The fiberglass-and-epoxy-resin blade looks like a carving knife that has been curved – or swept – near the tip. The so-called “sweep twist” blade was designed to be more attuned to wind's natural movement, potentially producing more energy in low wind and reducing fatigue loads, or wear and tear, on the blade.
Knight & Carver, which is designing and making the blade, expects to commercialize it later this year. The company hopes the blade will open slower-wind regions currently closed to wind-energy production. The company expects the technology to capture 5 to 10 percent more energy in regions with low wind speeds.
Such regions, which have an average wind speed of 5.8 meters per second, measured at a height of 10 meters, are so abundant in the United States that the technology could increase by twentyfold the amount of land that can be used to generate wind energy, according to Sandia National Laboratories, which have tested prototypes.
Because slower wind regions often are near areas where power is already loaded onto the grid today, such as in the Midwest, the blade also could reduce the cost of transmission, said Gary Kanaby, director of business development for Knight & Carver.

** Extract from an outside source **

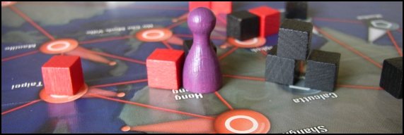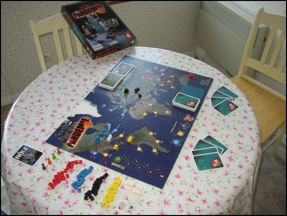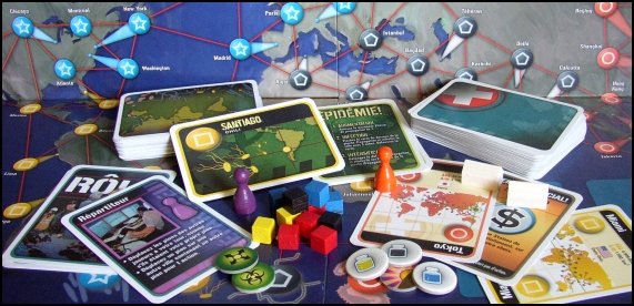 De manière général, le plateau de jeu, les pions en carton et les cartes sont plutôt de bonne qualité et bénéficient d'illustrations efficaces à défaut d'être particulièrement jolies. Le plateau représente la planète et les grandes villes touchées par les maladies. Le reste des éléments, pions des joueurs, cubes Maladie et autres stations de recherche, est en bois . C'est aspect sobre peut être rebutant mais il s'avère au final bien approprié au contexte. On s'imagine bien devant une espèce de carte d'état-major où la progression des maladies est représentée de façon abstraite. On irait même jusqu'à penser que remplacer ces cubes en bois par des pions en plastique représentant des bactéries pourrait même gâcher l'aspect visuel du jeu (tout en étant aussi moins pratique).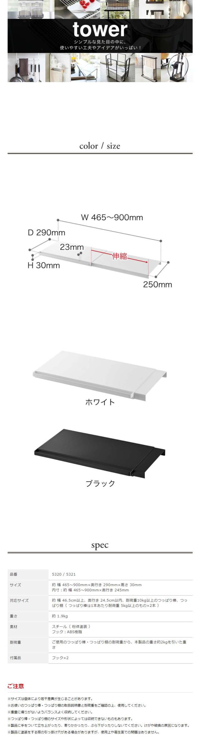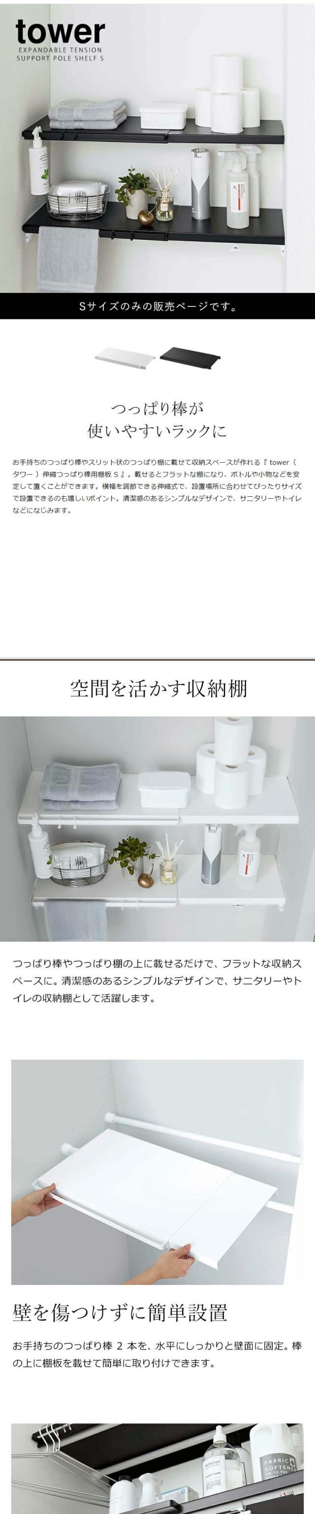 [ 伸縮つっぱり棒用棚板 S タワー ]山崎実業 tower 突っ張り棒 棚 棚板 収納 おしゃれ 突っ張り棚 スリム ワイド トイレ ラック ランドリーラック つっぱり 伸縮 シンプル 洗濯機上 サニタリー収納 yamazaki ブラック ホワイト 5320 5321 【送料無料】

Tom Ashwill, who leads Sandia’s blade research in Albuquerque, N.M, said the blades will cost about 10 percent more than traditional blades. That might not sound so enticing, but it means existing wind farms with 750-kilowatt turbines that were popular in the 1990s could increase electricity generation just by replacing their worn blades, without having to add more turbines. Knight & Carver plans to target that market initially for retrofitting.
And because blades make up only about 15 percent of the total turbine cost, according to Ashwill, the new and improved blade would increase the overall cost by only 1.5 percent more, making them more cost effective overall.
The idea has gained recognition.
At WindPower 2008 in June, the project was selected as one of the U.S. Department of Energy's top 10 program accomplishments. Knight & Carver also raised $12.5 million in its first round of funding from the Global Environment Fund earlier this year.
Maureen Hand, a senior engineer with the National Renewable Energy Laboratory's National Wind Technology Center in Golden, Colo., called the project “unique,” especially in an environment of rising wind-turbine costs.
“Any increase in energy capture will deliver cost savings and have a positive impact on the industry,” she said.